We’ve written before on the evolution of the Modern Data Stack and how data governance is driving toward automation through machine learning and AI. What is perhaps not as exciting is the quality of the data underpinning this paradigm shift in modern data analysis. The innovation around automated data governance relies on the precision of the data in the first instance and further emphasises the importance of good quality data.
With the exponential growth of the modern data stack and the way we interact with and manipulate data, the requirement to enforce good data quality is urgent & important.
What is data quality
Data quality is certainly a broad topic with many permutations and multiple definitions. To quote an article on “What is data quality”
"Fleckenstein and Fellows (2018) refer to high-quality data as data that "are fit for their intended uses in operations, decision making and planning". In a similar vein, the National Institute of Standards and Technology defines data quality as: "the usefulness, accuracy, and correctness of data for its application"
It becomes clear that the use case of the data correlates to its quality. And without a clear definition or understanding of data quality, we will be unable to measure data quality, fix issues or reap the benefits.
One particular element that compounds the difficulty of ensuring data quality is the vast and disparate volume of data being generated. Think of the various types of data that might be encountered, from structured, semi-structured to unstructured data.
"Rather than being devoid of any structure, these data have an inner structure. However, this is either unknown prior to data collection, or we don’t have a predefined data model when collecting data."
Snowplow offer 2 characteristics used to define data quality and how to consider it, from their guide to better data quality
"At a basic level, we define data quality using two key characteristics: accuracy and completeness. Whether you realize it or not, being able to trust - and actively trusting - your data undergirds your entire approach to data analytics."
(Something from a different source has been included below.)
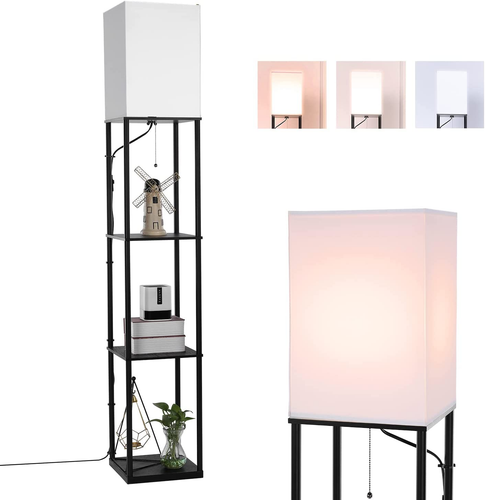 Modern Floor Lamp with Wooden Shelf, 3 Color Temperature Dimmable

In summary of the definition of data quality; with the sheer magnitude and diversity of data being generated; it is essential to understand “what good looks like” for each variable data type according to your business needs.
Why is this important now
As the growth and adoption of the modern data stack has evolved, we are quickly arriving at the stage where there is simply too much data for us as a human workforce to maintain.
AI and machine learning capabilities are ever present and expanding. Applying these methods and technologies to data quality and data governance is essential in order to properly enforce good data quality.
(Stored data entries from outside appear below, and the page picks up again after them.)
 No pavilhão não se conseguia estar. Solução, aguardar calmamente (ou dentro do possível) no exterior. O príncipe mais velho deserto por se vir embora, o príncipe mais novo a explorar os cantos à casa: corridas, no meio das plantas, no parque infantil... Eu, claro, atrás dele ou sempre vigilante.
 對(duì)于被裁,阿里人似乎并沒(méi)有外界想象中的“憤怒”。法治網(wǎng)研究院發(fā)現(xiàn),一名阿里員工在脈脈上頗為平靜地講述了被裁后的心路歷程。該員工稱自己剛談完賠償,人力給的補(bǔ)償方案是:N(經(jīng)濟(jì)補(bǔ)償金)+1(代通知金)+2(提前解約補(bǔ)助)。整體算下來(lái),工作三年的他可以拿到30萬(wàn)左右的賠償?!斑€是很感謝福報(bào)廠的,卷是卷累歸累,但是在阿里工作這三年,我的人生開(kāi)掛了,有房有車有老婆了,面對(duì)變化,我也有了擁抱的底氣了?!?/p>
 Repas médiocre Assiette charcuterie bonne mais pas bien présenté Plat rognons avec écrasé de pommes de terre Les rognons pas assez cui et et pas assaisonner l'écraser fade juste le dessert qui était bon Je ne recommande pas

"Given the volume of information available and the complexity of modern data sources (including unstructured data), it is impossible (or at the very least impractical) for a human workforce to keep up."
There are a plethora of platforms and tools that are focussed entirely on building connectors for multiple data sources, ensuring data can be easily moved and accessed throughout the data lifecycle. This goes on to create an ever increasing void where data quality and data governance are overlooked or not given enough priority.
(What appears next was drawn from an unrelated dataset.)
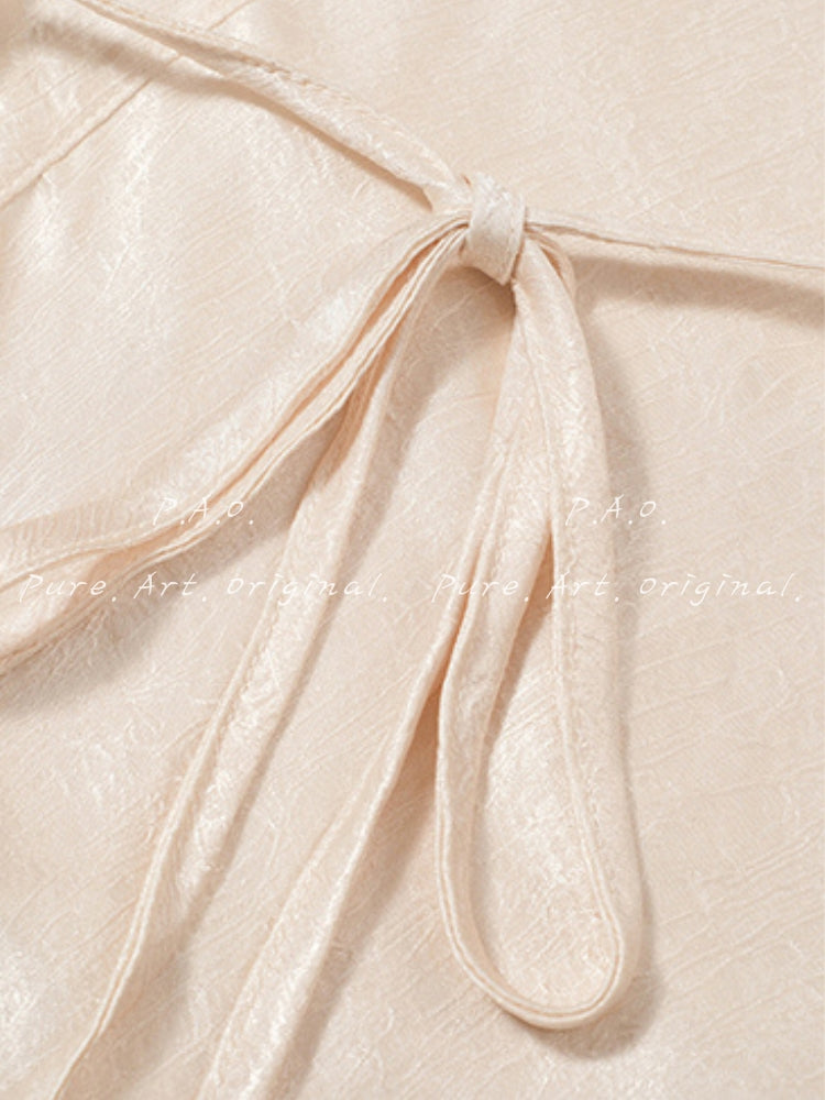 The floor-length hem sways gracefully with every step, while the glossy satin finish adds a soft, luxurious sheen. In a warm apricot tone, the Seren Dress feels refined, feminine, and effortlessly elevated.

"Fundamentally, as data becomes central to business, data collection and use becomes less about moving it from one place to another in a specific order and more about being able to collect data from anywhere in real time and perform data validation and enrichment."
Data consumers lack the context needed to navigate the ever-growing data footprint inside their organizations, resulting in a significant distrust in data.
There has never been a more urgent need to prioritise data quality, data governance and the automation of the discipline. At the end of the day, poor data quality will negatively impact the bottom line of any organisation.
Data quality through schema management
At Trackplan our vision is to democratise & automate data governance and help organisations build trust in their data. We’ve begun this journey with our most recent integration with Snowplow Analytics to provide a single source of truth for behavioural data tracking via schema management at the validation layer.
With this integration Trackplan empowers data teams to prioritise and visualise any errors or discrepancies pertaining to data quality, right at the point of ingestion:
- Manage schemas and metadata for Snowplow Data Structures through a collaborative tracking plan with an intuitive UX.
- Create data structures and define your data types, sources, properties and validations used to enforce data quality.
- Sync your latest changes to the schema registry. Manage deployments to development and production environments.
Schema management is just the beginning of the evolution of data governance that is now essential in order to effectively leverage the modern data stack.